ECB Board member Villeroy also stated that a "flexible pragmatism" applies to the ECB's latest rate decision. He stated that the ECB is in a "very turbulent sea" and is ready to act quickly based on data; current inflation risks are quite weak, with inflation risks from a few weeks ago disappearing. ECB Board member Muller stated that falling energy prices and tariff support warrant rate cuts, and recent growth prospects are more challenging, with current interest rates no longer constraining economic activity. He also stated that key indicators of the European Central Bank are moving in the right direction, and a more diverse world economy will push up prices.
BOJ rate hike depends on economic outlook.
BOJ Governor Kuroda stated that the Bank will continue to implement monetary policy to achieve its inflation target, and a rate hike will occur if economic outlook is realized. He also stated that food prices are having a greater impact on inflation, and it will take time for rate adjustments to affect prices. Market factors influencing prices change quickly, and the Bank hopes to observe medium- to long-term price trends, with prices gradually rising and potential inflation accelerating towards 2%. BOJ Policy Board member Nakakawa stated that the impact of tariffs on prices is still unclear, making it difficult to measure the likelihood of achieving economic outlook. A loose monetary environment supports the economy, and policies will be decided by examining the prospects.

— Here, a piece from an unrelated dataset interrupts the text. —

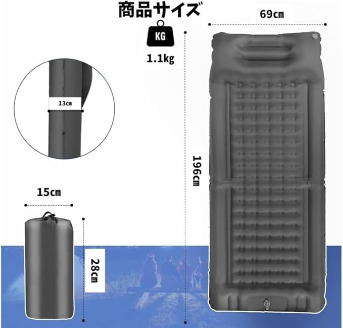 このエアーマットは、快適な睡眠体験を提供する革新的なアウトドアギアです。約196 68 13cmのゆったりとしたサイズで、地面の凹凸から体を守ります。人間工学に基づいて設計された内蔵エアピローは、首や頚椎をサポートし、自然な寝姿勢を保ちます。内蔵インフレーターポンプにより、30-60秒で簡単に膨らませることができ、別途ポンプを購入する必要はありません。40Dナイロン素材とTPU素材を組み合わせた防水構造で、耐久性も抜群です。両側の接続ボタンで複数のマットを連結可能で、最大耐荷重300kgまで対応。収納時は約15 15 35cmとコンパクトになり、付属の収納袋で持ち運びも便利です。キャンプ、車中泊、BBQなど、様々なアウトドアシーンで活躍します。特殊な二重バルブ設計により、空気漏れの心配もなく、夜通し快適な睡眠を楽しめます。

Bank of Korea maintains key rate unchanged. The Bank of Korea maintains the key rate at 2.75%.
Bank of Canada maintains key rate unchanged. The Bank of Canada maintains the key rate at 2.75%.
Risk warning: Escalation of short-term US-China tariff game; Tariffs have a greater-than-expected impact on the domestic economy and US inflation.
This article is translated from the WeChat public account "Liang Zhonghua Macro Research," author: Liang Zhonghua; GMTEight editor: Xu Wenqiang.